Demianoff spoke with Below The Line from the Berlin set, where he was shooting another project, to discuss the inspiration behind some Gunpowder Milkshake’s key fight sequences. (SPOILER ALERT!)
Below the Line: The fight scenes are very impressive for the women in this film, primarily Karen Gillan who plays the assassin. Do you choreograph differently for women vs. men?
Laurent Demianoff: In reality, it’s not so different. For an actor or an actress, the process is the same. We are doing the same thing, but it depends on the background the actors have. If they have done martial arts before or sports combat, it’s always easier. In the case of Karen, she never did martial arts before, but she’s such a hard worker that it was perfect. She did great.
BTL: How do you decipher what your actors can do in terms of the steps in fight choreography?
Demianoff: For the first couple of days for Karen, she came in really good shape, because she was shooting action before in Jumanji. The first step is to see what she was capable of doing, if she’s flexible, if she has a good memory and her energy level. Then we figure out how we can train her and what kind of choreography we can work on. She arrived as a very quiet person, very gentle, but she was like a tiger with a lot of energy, so that really helped a lot. The other thing was her memory. Maybe she did dance because she remembered big pieces of choreography. For the big fight entrance we had a tracking shot with her where normally we have six beats maximum for a good action actor. For her, it was like a dance, so it was easy to put the details on it because she picked up the steps quickly.
BTL: Where did your inspiration come from to create some of these moves?
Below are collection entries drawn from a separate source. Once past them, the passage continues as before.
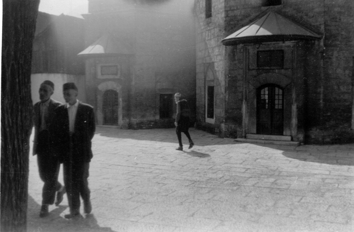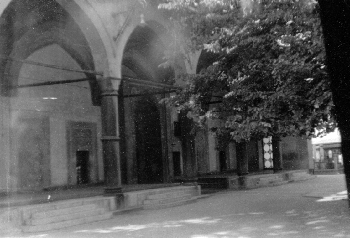 Nachdem wir so den alten Teil von Sarajewo durchstöbert hatten, haben wir die Beg-Moschee (Abb. re. oben und unten) besichtigt. Es ist ein Kuppelbau von ca. 50m Höhe. Das ganze Innere ist mit Teppichen ausgelegt und es findet sich kein Gestühl. Gegenüber dem Eingang liegt der Altar, der völlig ohne Schmuck in einer Apsis steht. Gepredigt wird von einer 1m hohen Plattform, die direkt an eine Tür angebaut ist. Die Männer knien davor während der Predigt, die Frauen müssen dagegen hinter einer Barriere an der Wand sitzen. Die Beg-Moschee ist eine der größten Moscheen in Jugoslawien und ist im 16. Jahrh. im türkischen Stil erbaut worden.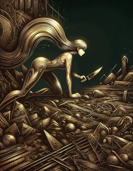 - “在创作者的掌控之下,这些笔触桀骜不驯,拒绝屈服,只沿着自己意志所定的 rigid 路径滑行。每一条线都孤高独立,疏离而不可触及,不愿交融或共享空间。然而,它们以冰冷的精确,构筑起一座虚假的宏伟殿堂——一座外表辉煌、内里空洞的壮丽幻象,却足以夺人目光。”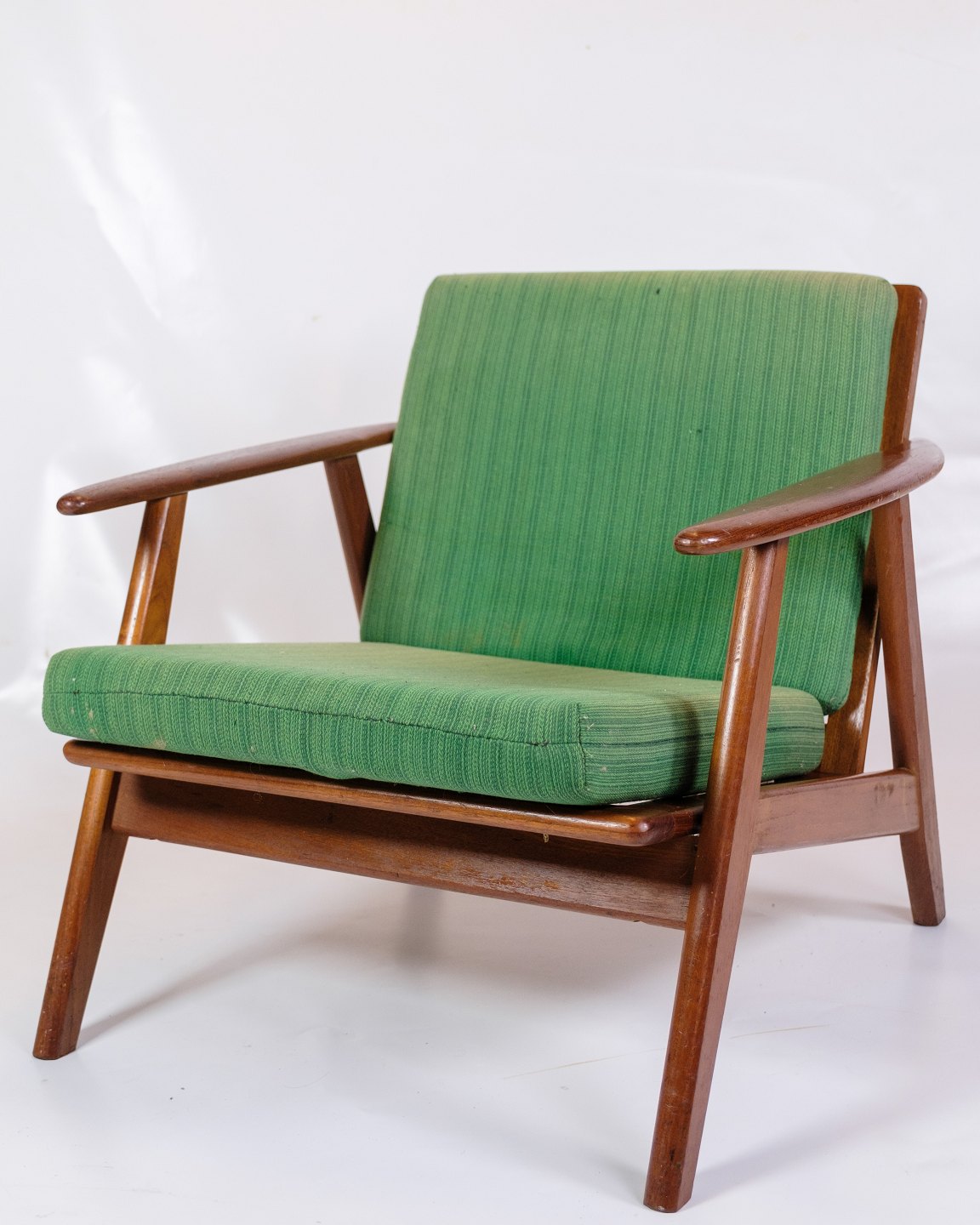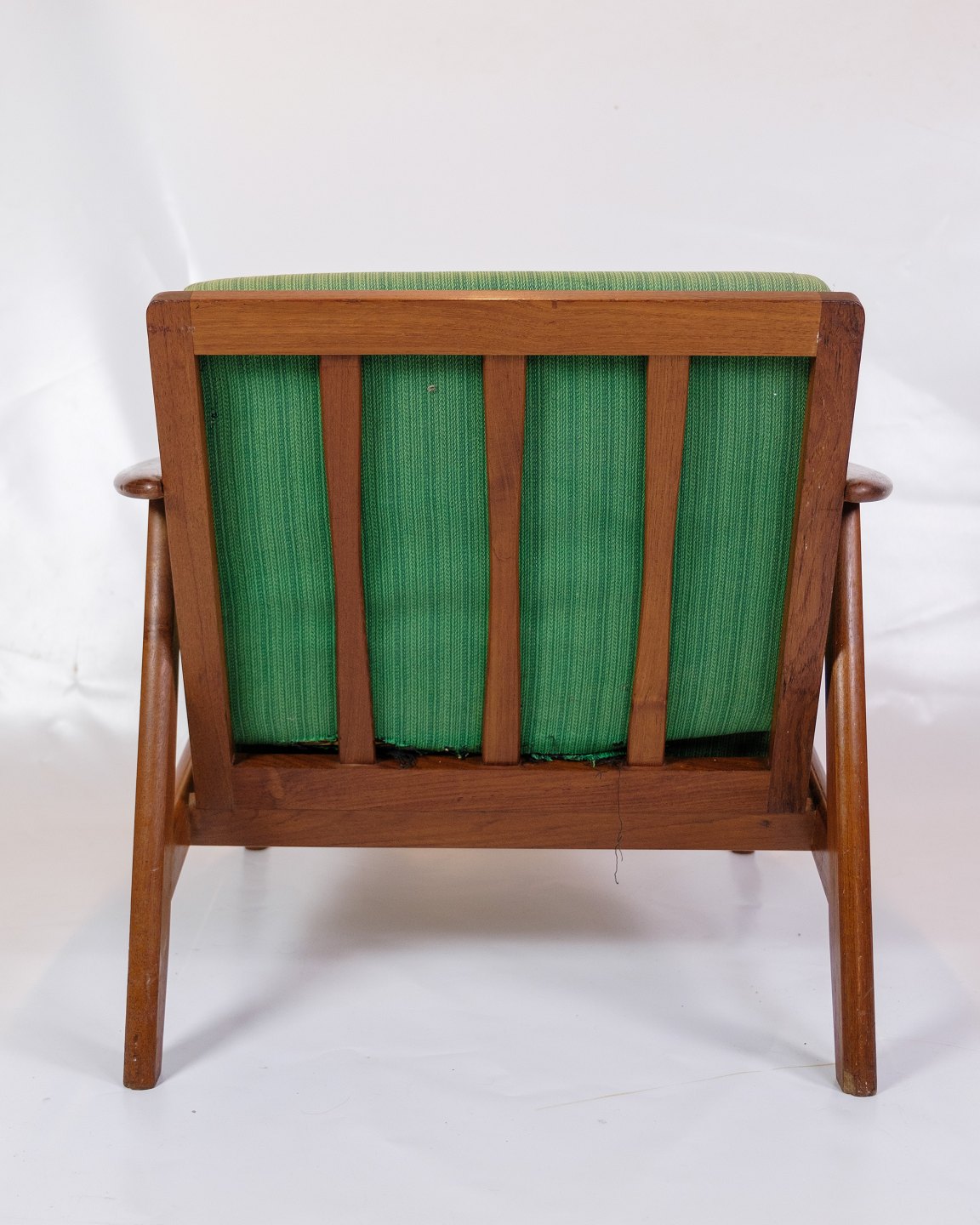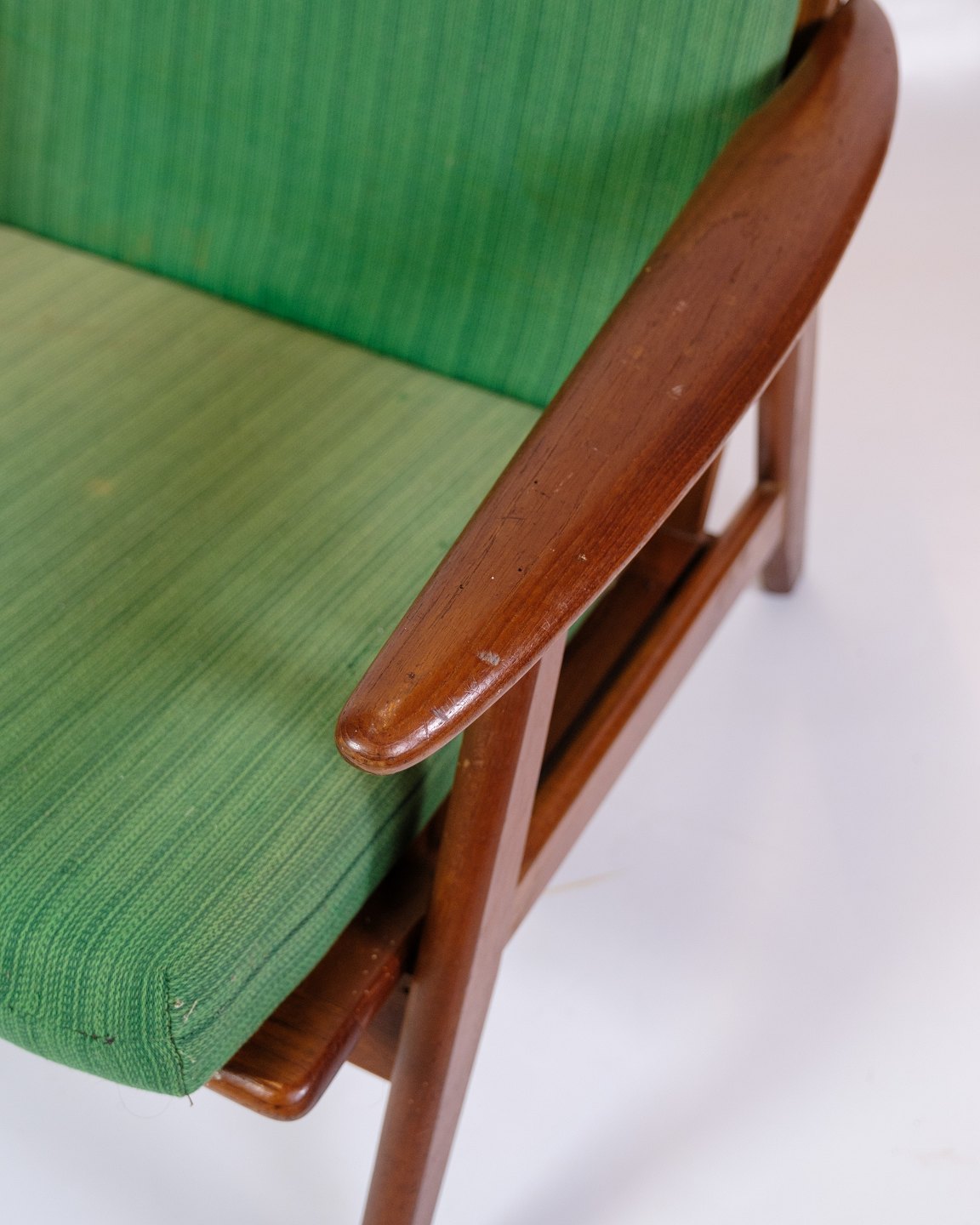 Denne lænestol fra 1960'erne er et fremragende eksempel på dansk design fra midten af det 20. århundrede. Stolen er fremstillet af teaktræ og betrukket med grønt stof, hvilket kombinerer naturlige materialer med tidens farvetrends.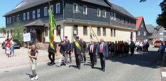 Der Höhepunkt war am Sonntag der Festumzug und das Sängertreffen mit 13 befreundeten Chören im Pfarrgarten in Dörnfeld an der Heide.

Demianoff: When I read the script, I saw scenes that were funny and dark. The first big inspiration came when I talked with the director Navot Papushado, who also wrote the script. We totally connected on what he had in mind, and we were on the same page. We had three big pieces, one with Jackie Chan action with some humor. The second piece was totally different, it was crazy, so we were thinking about how many crazy things we could do with the fight. The last one was more classic and dark with all the Librarians fighting with Karen and Lena fighting together. It was more about expressing the character.
BTL: Describe the use of props in the library fight scene.
Demianoff: Michelle Yeoh is a martial artist, but she never fought before with chains, so we tried to find something very stylish with her. With Angela, we tried to have a violent energy like a lion where she would be very quiet, but then start to move, so she had the hammer. Carla Gugino had this ax, and Karen and Lena used these gold bar pieces. It was a reunion because in the film because they hadn’t seen each other in a long time, so they all came together with mother and daughter fighting together.
BTL: How did the ladies meet up to your expectations?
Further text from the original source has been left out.